Chris Sizemore at the BBC’s Radio Labs demonstrates an experiment in automated metadata, much akin to Open Calais.
Sizemore has taken Wikipedia and has built a simple web application that uses Wikipedia to disambiguate entities in a block of text and suggest broad categories for the content. Because Wikipedia has broad coverage of topics and deep coverage of specific niches, it can provide, as Sizemore writes, for some areas (especially popular culture), a good enough data source for automated classification.
Here’s Sizemore’s methodology –
1. Download entire contents of the English language Wikipedia (careful, that’s a large 4GB+ xml file!)
2. Parse that compressed XML file into individual text files, one per Wikipedia article (and this makes things much bigger, to the tune of 20GB+, so make sure you’ve got the hard drive space cleared)
3. Use a Lucene indexer to create a searchable collection (inc. term vectors) of your new local Wikipedia text files, one Lucene document per Wikipedia article
4. Use Lucene’s ‘MoreLikeThis’ to compare the similarity of a chunk of your own text content to the Wikipedia documents in your new collection
5. Treat the ranked Wikipedia articles returned as suggested categories for your text
Basically what is going on here is that the text you wish to classify is compared to Wikipedia articles and the articles with the ‘closest match’ in terms of content, have their URLs thrown back as potential classification categories.

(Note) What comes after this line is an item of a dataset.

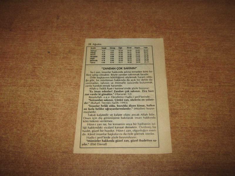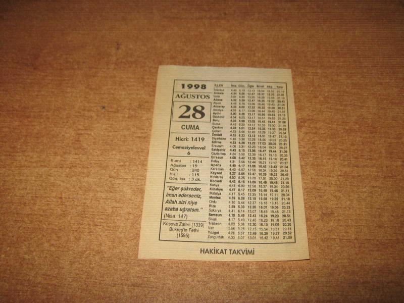 HAKİKAT TAKVİMİ YAPRAĞI 28 AĞUSTOS 1998 DE : POŞ / DO

Combine this with Open Calais and there will be some very interesting results across a broad range of text datasets.
As regular readers will know, we’ve been experimenting quite a bit with Open Calais at the Powerhouse with some exciting initial results. We’ve been looking at the potential of Calais in combination with other data sources including Wikipedia/dbPedia/Freebase and we’ll be watching Sizemore’s experiment with interest.
Perhaps my throwaway line in recent presentations that ‘humans should never have to create metadata’ might actually be becoming closer to a reality.